1ph is 'single phase', not 1 horsepower.


----------



## Lons (27 Feb 2016)

NazNomad":b46us6ur said:


> 1ph is 'single phase', not 1 horsepower.



#-o #-o 

Bl**dy hell, I knew that. One too many glasses of wine with my dinner. Either that or I'm dyslexic.


----------



## Lons (27 Feb 2016)

Claymore":1out5mya said:


> Hi Bob,
> I have the AXMINSTER TRADE SERIES AWFS18 SCROLL SAW and it has a 120w motor and is easily powerful enough to cut anything..... I cut 20mm Corian and 1" Oak etc for my Intarsia's on mine with no problem and i have the power turned down too. So 320w must be like sticking a V8 on one!
> 
> Cheers
> Brian


Thanks Brian

I used a Hegner many moons ago and don't remember it being under powered which is why I thought I might be missing something obvious (which I was  )

Wonder why Axi put such a powerful motor in to their new models?

Where do you get 20mm corian from btw, the standard stuff I've used in the past for kitchens is only 12mm.

Bob


----------



## Valld (27 Feb 2016)

One of the questions I asked in another thread was regarding the differences between EX and Hegner motors. Hegner 2s and se and quick all have 100w motors, the EX series all have 320w motors. My Riobi 1600 has a 120w motor and most of the saws on the market are with motors in the range of 90-120 watt. I suspect that the EX motors are not 320w, this must be a mistake. From what I've learned about scroll saws the parallel link machines (EX, dewalt, some Delta's) are more efficient than parallel arm saws (all the rest, including Hegner and all the cheap saws) because of the different construction and the need to move less mass, please correct me if I'm wrong. The things are getting more complicated when we consider that different saws are using also different types of motos - some are brushed, some are induction, some are AC motors, some DC..... To make it even more complicated some manufacturers are claiming the input power of the motor, others the output power, but we do not know which one.... Here we need an experienced motor engineer to get familiar with all different scroll saw motors on the market and give us a expert opinion. The good news is that I never heard anyone complaining from underpowered scroll saw, the question is which one has more durable and long lasting motor.


----------



## Lons (27 Feb 2016)

Got some homework to do I think. The Axi ones show in stock on line but not in my local store yet. I'm not in a hurry so will wait and inspect one as soon as they are in.


----------



## martinka (28 Feb 2016)

Valld":1a73nrez said:


> the question is which one has more durable and long lasting motor.
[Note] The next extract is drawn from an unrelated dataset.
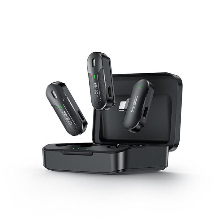 Wireless MEMS 2-in-1 microphones with receiver for Type-C KR17 from the Yesido brand are a professional audio recording tool, ideal for content creators, journalists, vloggers, and presenters. The kit includes 2 MEMS Lavalier microphones, which can operate simultaneously, providing high sound quality. They operate at 2.4 GHz, which guarantees a stable and reliable connection. Each microphone is equipped with a 70 mAh battery, enabling 8 hours of operation.
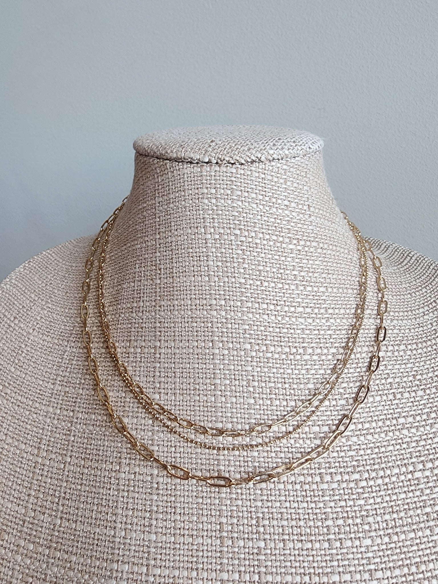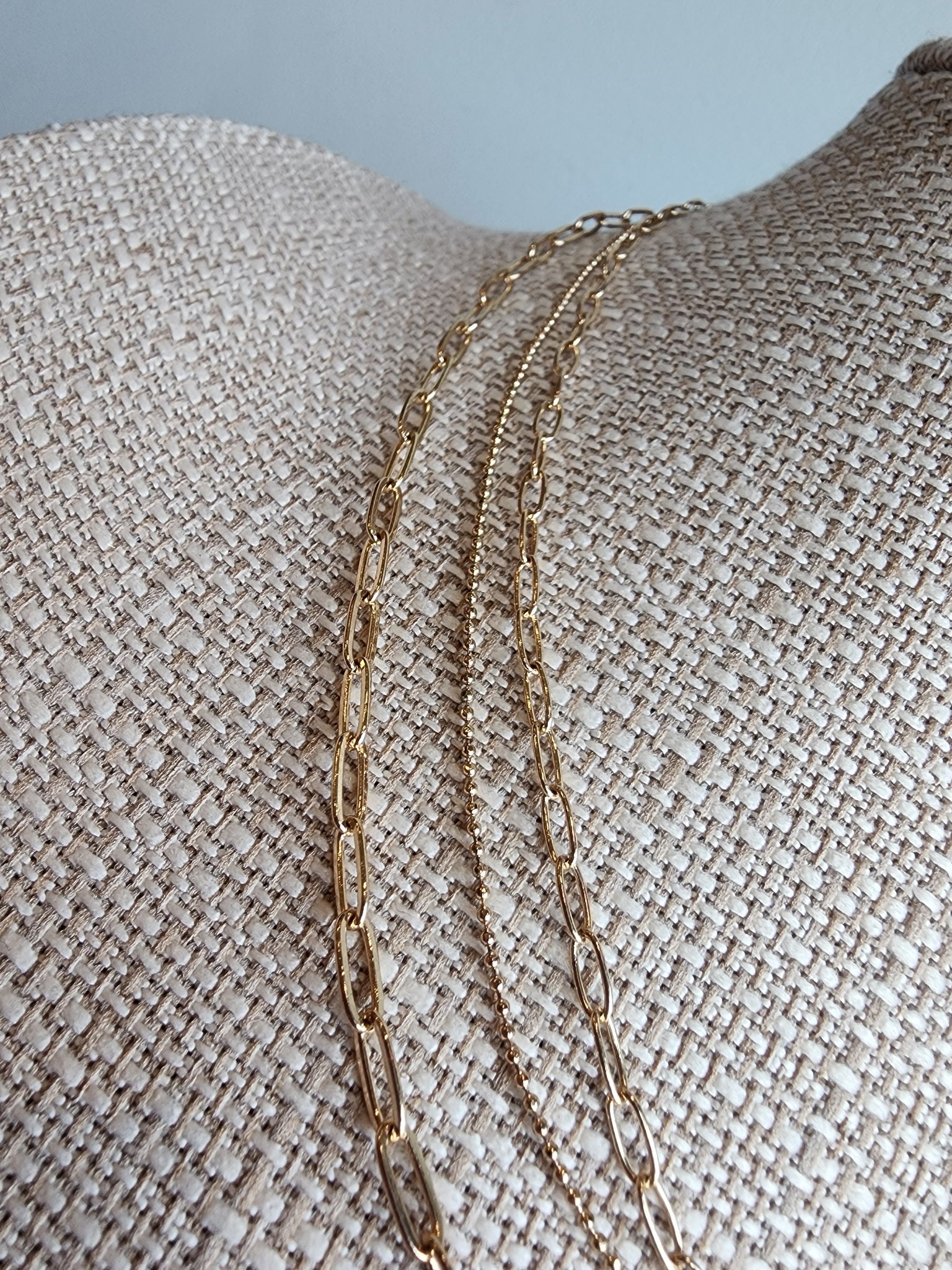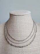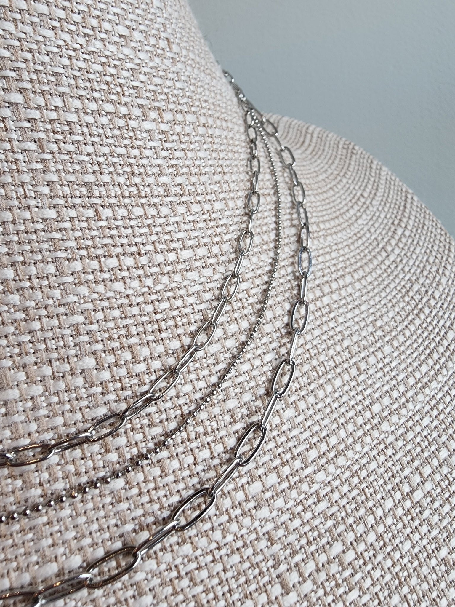 Rock an edgy vibe with this triple chain asymmetrical necklace. Uneven chains deliver modern attitude that pairs perfectly solo or layered. Bold, statement-making, and totally you.

There are some older Hegners around, and I never heard of any complaints about motors. Our friend Bryan, who sadly is no longer with us, used his Hegner daily, and I believe his saw was bought in the 1980s. I recently replaced the single speed motor on mine with a 10 year older variable speed motor. There was nothing wrong with the single speed motor, I was just in a position to be able to change it to variable speed, and I had no qualms about using the older motor. ChrisR's Hegner is long in the tooth, and I think Scrimper's is too. Chippygeoff's is newer, but has done a lot of work in a short time. Considering the proven motor, and the much smaller number of moving parts in the saw, the Hegner might be the better choice in your situation. I'm not saying the Hegner is the better saw as I've never even seen an Excalibur, let alone used one, but the Hegner has definitely proved its reliability.


----------



## AES (28 Feb 2016)

I think it's a bit too easy to get hung up on motor power on scroll saws (and on lots of other tools too). 

It's obvious that there are different measurement standards - input, output, no load, etc, etc, but whatever power rating shown on the data plate I've never had any of the 3 scroll saws I've owned running out of power - PROVIDED the blade was sharp and I wasn't pushing too hard (which you soon learn).

I suspect it's a bit like "my car's got more HP/PS than yours, so mine must be better" or, back in the old days of HiFi, "my amp's got more Watts than yours has, so it's louder/better".

Of course any tool must have a certain amount of power to do the job but beyond that level the real answer is, I think, the same as the R-R car salesman's famous reply to the "how many HP?" question - "Sufficient Sir".

Personally I've never heard of a scroll saw running out of power, not even a real cheapo.

AES


----------



## NazNomad (28 Feb 2016)

I've never had a scroll saw run out of power, but the motor on my SiP used to get really hot (until it burned out).

In contrast, the motor on my Delta barely gets warm.


----------



## Alexam (28 Feb 2016)

Never realised you had a RR Andy. Very nice.


----------



## Claymore (28 Feb 2016)

..........


----------



## AES (28 Feb 2016)

QUOTE:
..... aye Reliant Robins are lovely motors Malcolm! 9-) .....
UNQUOTE:

Yup, especially on corners!

AES


----------



## scrimper (29 Feb 2016)

I have 3 motor powered scroll saws including a Hegner, a British made Diamond and a cheapo model and have never experienced any lack of power issues with any of them. 

It's always best to buy a saw with an induction motor rather than a universal series wound motor if you want quiet vibration free running. Universal or carbon brush type motors are easier to speed control but they are often harsh running and do tend to wear out more, Induction motors are practically 'bullet proof' and usually outlast the machine they are fitted in, they are also very quiet and vibration free emitting a reassuring gentle 'hum'. a few machines do use carbon brush motors but personally I would avoid them.


----------



## beganasatree (29 Feb 2016)

hi Brian,
Please explain the meaning of 9-).I cant work it out.

Peter.


----------